Having delivered capital growth of 27% in the last six months, it has clearly been a relatively successful period for BT Group plc (LON:BT.A) (BT.A.L).
Investors appear to be embracing its new strategy, with its most recent quarterly update suggesting that it is making progress in this area. For instance, 2,000 roles were made redundant as the company seeks to put in place a more flexible business model. This could help it to become increasingly competitive versus peers in what is a relatively crowded quad play industry in my view.
With a P/E ratio of around 10 even after its recent share price rise, I feel that BT could offer a margin of safety. This may help it to generate further share price growth in the long run, with investors still seemingly cautious even after its recent rise in market value.
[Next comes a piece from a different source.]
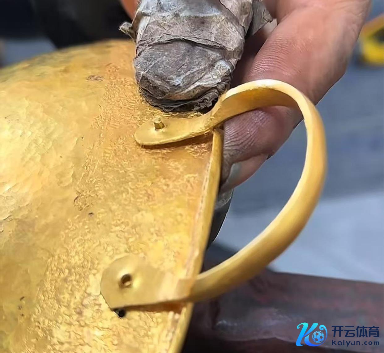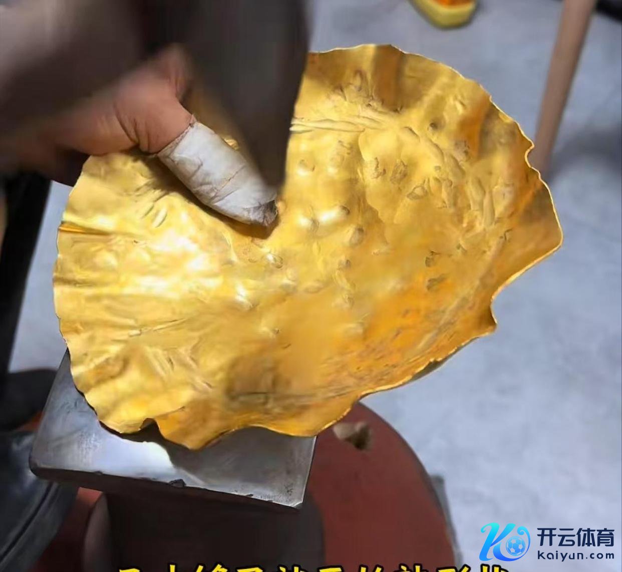 师父们用小榔头敲打着这块金子,逐步地把它变成一个锅的表情,这个经由像是在打造一件艺术品,每一下敲打齐要恰到公正,不成用劲过猛也不成太轻。

In my view, investors could continue to be cautious in the near term. The company is, as mentioned, making changes to its business model. It is also set to welcome a new CEO in the New Year, while its financial prospects remain relatively downbeat over the next couple of years.
Therefore, its total return potential over future months could be limited by the potential risks it faces in my opinion. With potential instability as a result of significant change, as well as financial prospects that are a continuation of a trend of falling profitability over the last few years, there may be limited scope for a share price rise in the short run.
In future years, though, I feel that BT could deliver on its total return potential. It appears to have a dominant position in key markets, while its increasing focus on its consumer offering and cost cuts could lead to a stronger business. This may help it to deliver improving share price performance, but in the meantime there could be relatively high volatility ahead in my view.